Map showing the predicted probabilities that a five-fold reduction in transmission levels of the malaria parasite Plasmodium falciparum would lead toward malaria elimination. Red areas reflect the greatest probabilities; dark green areas reflect the lowest. Image: David Fidock.

“We need to drastically increase the percentage of symptomatic people getting treatment,” Dr. Johnston said. “We cannot eliminate malaria now because many infected people are not getting treatment. They live in rural areas far from health clinics, or in refugee camps; or they are too poor. Because untreated individuals are so much more infectious than treated individuals, even a few untreated individuals in a population drastically reduce the effectiveness of any eradication effort.”
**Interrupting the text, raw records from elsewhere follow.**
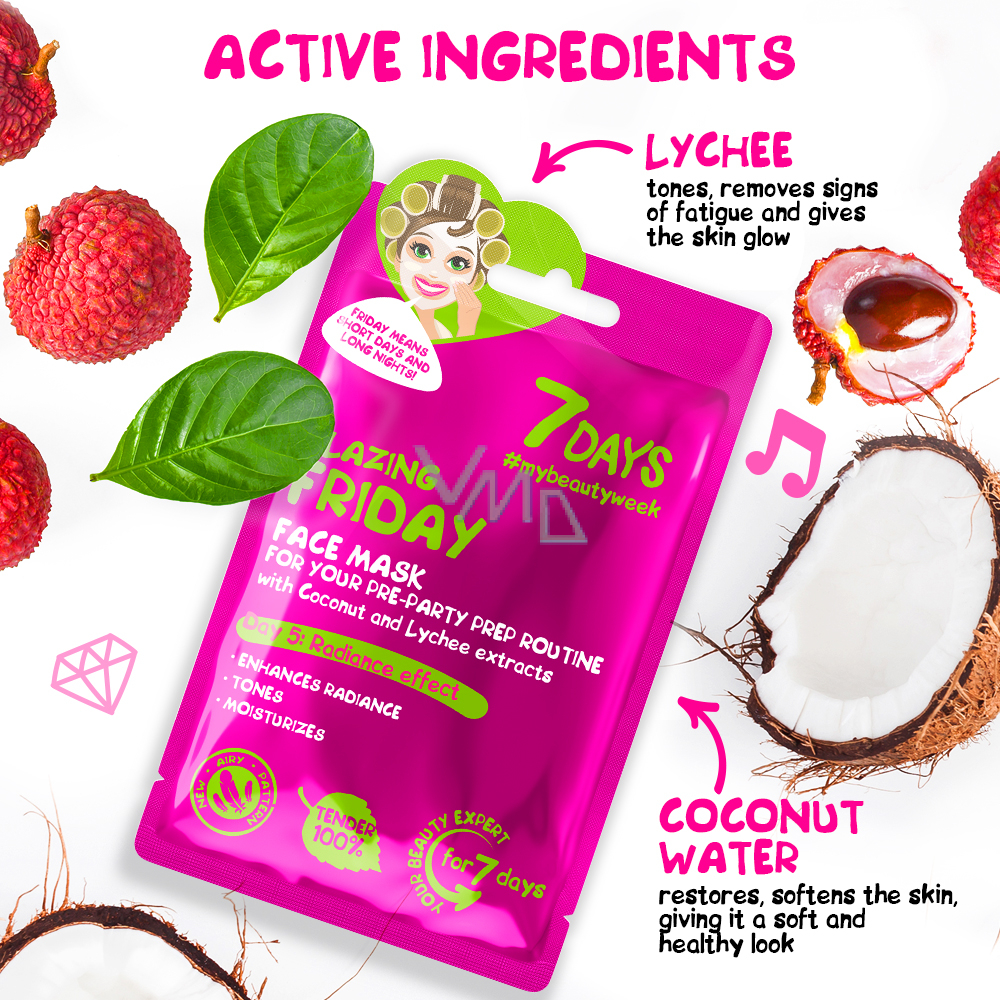 Pátek není jen krátký den, ale také dlouhá noc! Připravte se proto na večírek a nezapomeňte na masku BLAZING FRIDAY, která poskytuje expresní péči a v ničem plochém odstraní z vašeho obličeje všechny stopy náročného pracovního týdne. Kokosová voda má hloubkové regenerační účinky. Extrakt z liči dobíjí vaši pokožku vitální energií a zároveň tonizuje a odstraňuje známky únavy pro zdravý lesk. Jeho unikátní vitamínový komplex naplní vaši pokožku energií, vyrovná texturu a dodá jí odstín, který jste hledali. Kyselina hyaluronová poskytuje intenzivní hydrataci pro mladistvý, elastický odraz.
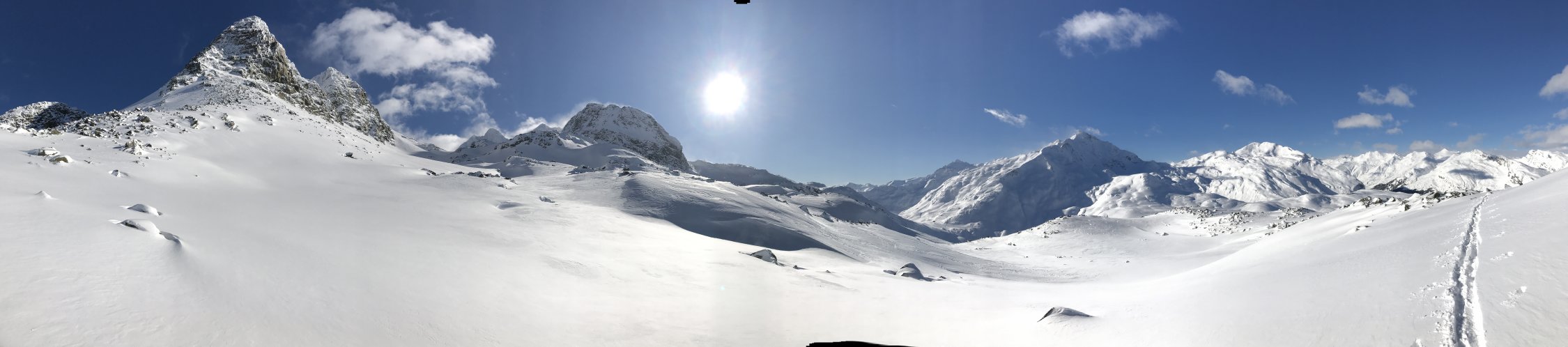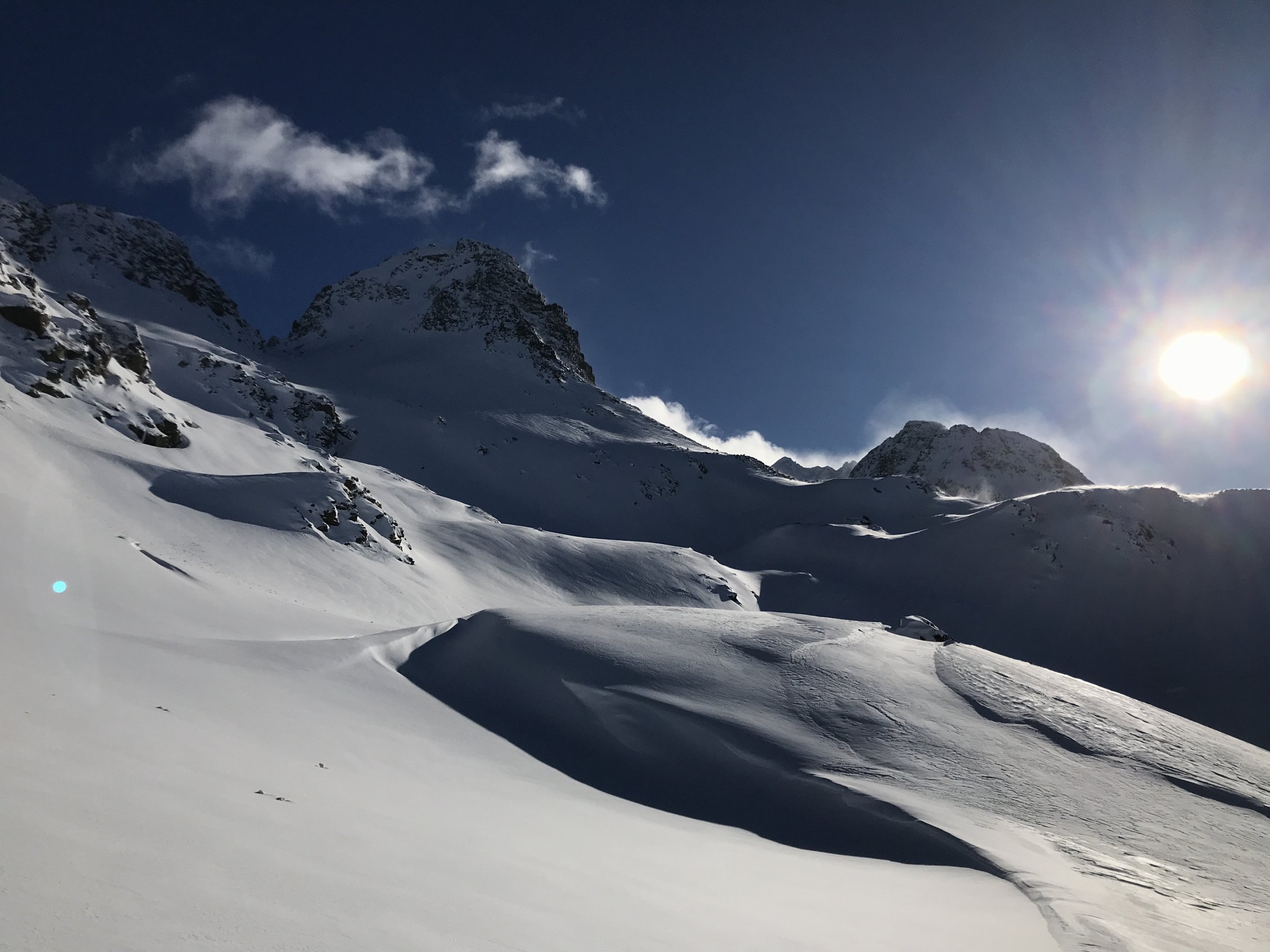 Falls der Wind ähnlich bleibt und es keinen Neuschnee gibt, sollte es bis zum Surettajoch noch lange gut bleiben. Den Aufstieg zum Horn würde ich vor Neujahr nicht wagen.
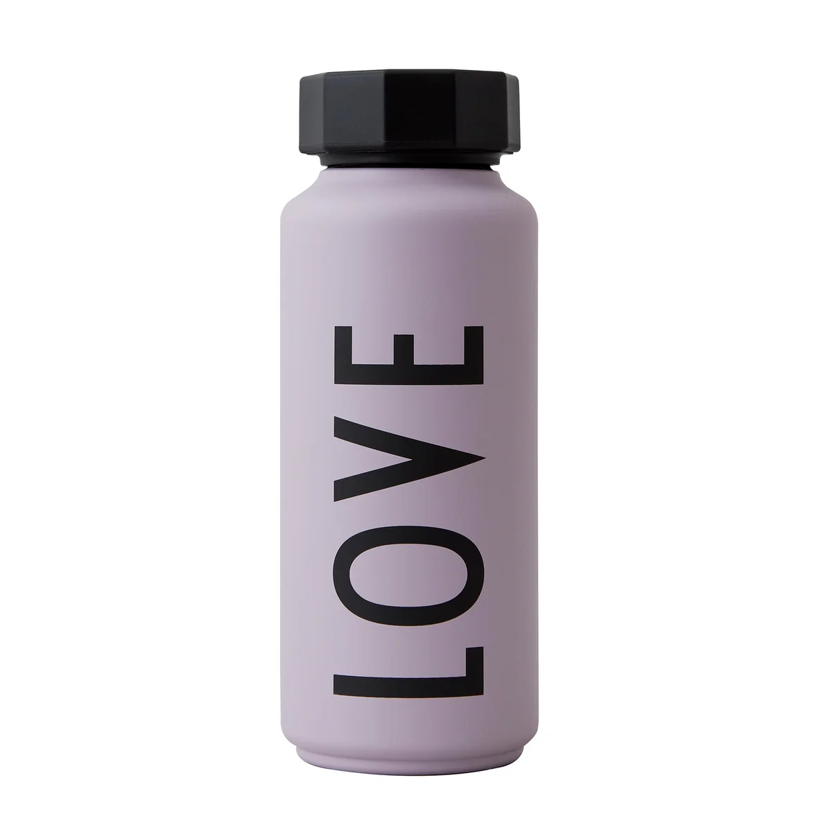 Le design de la bouteille thermos apparaît dans un look rétro stylé avec des inscriptions de différentes couleurs. La typographie est signée Arne Jacobsen et a été conçue dès 1937, à l'origine pour la signalisation de l'hôtel de ville d'Aarhus. Le design sans fioritures n'a rien perdu de son charme jusqu'à aujourd'hui et orne désormais de nombreux produits, notamment de Design Letters .
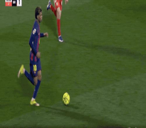 之后的25分鐘,巴薩占據(jù)了場面上的絕對主動。第43分鐘,拉菲尼亞的射門打穿防守球員的小門,可惜皮球擊中立柱。
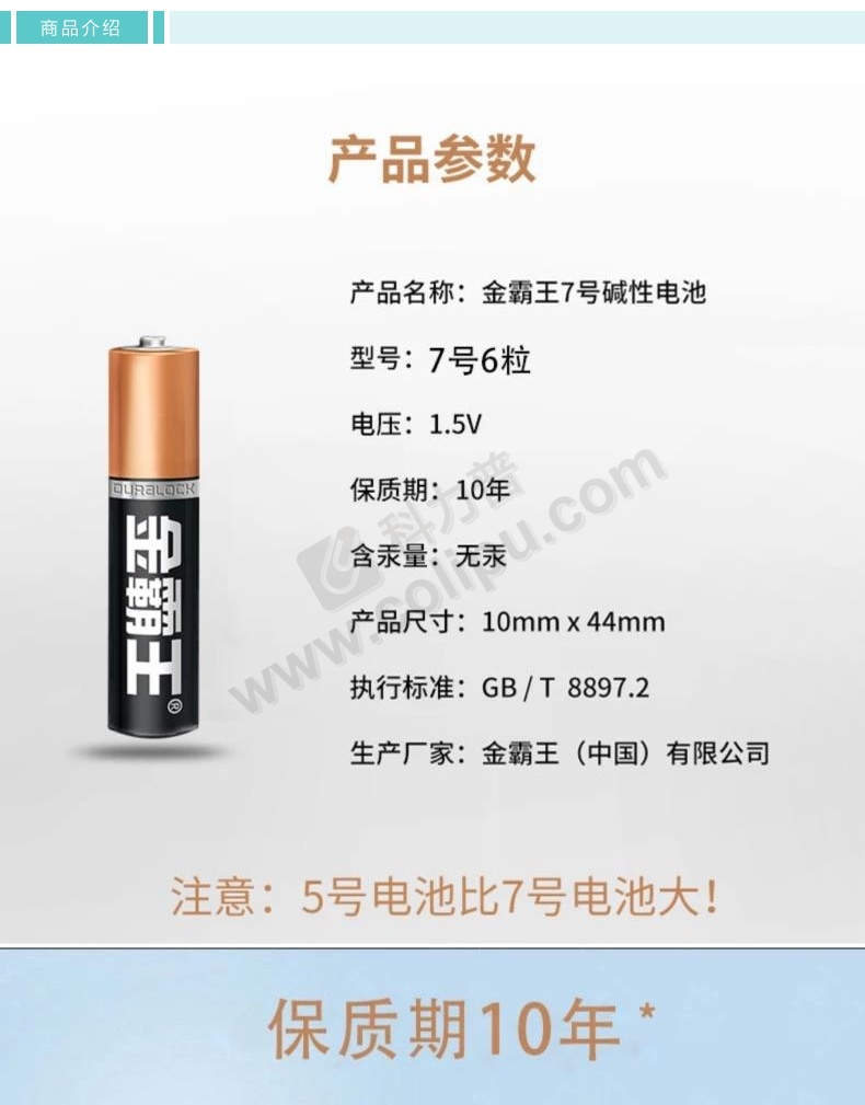 金霸王 7号碱性电池 MN2400B6 1.5V 6节/卡 8卡/盒 12盒/箱
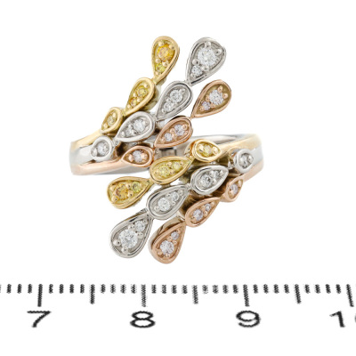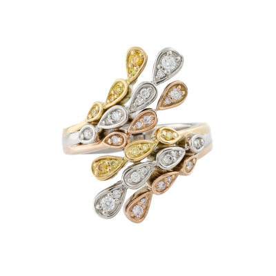 Tri-colour Diamond hinged ring with round Natural white, Fancy Yellow and Light Purplish Pink Diamonds totalling 0.20ct. Platinum - 950, 18ct yellow & rose gold. Ring size: K1/2. Band width: 3.5.mm. Weight: 10.6g. (Pre-owned)

Drs. Fidock and Johnston are concerned that putting the focus on deploying primaquine will undermine efforts to increase use of ACTs. “The help that primaquine can provide appears in many cases to be minor, yet the problem is vast,” Dr. Johnston said.

“It’s like proposing to add a small thruster to a rocket to achieve a one percent increase in speed. The problem is that we haven’t built the rocket yet. A more realistic means of achieving a substantial reduction in the burden of malaria, based on our findings, is to facilitate prompt treatment with ACTs for essentially all symptomatic infections. Delivering effective medicines throughout endemic regions, many of which are very resource-poor, represents a major challenge and has the greatest potential impact on transmission.”

The study, published in the January 2014 issue of PLoS Computational Biology, was supported by grants from the Bill & Melinda Gates Foundation, Wellcome Trust, National Science Foundation, Department of Homeland Security, Fogarty International Center, Bloomberg Family Foundation, the UK Medical Research Council, and the NIH (AI079709).

The views expressed are those of the study authors alone and do not necessarily reflect the views of the funding agencies or any other outside organizations.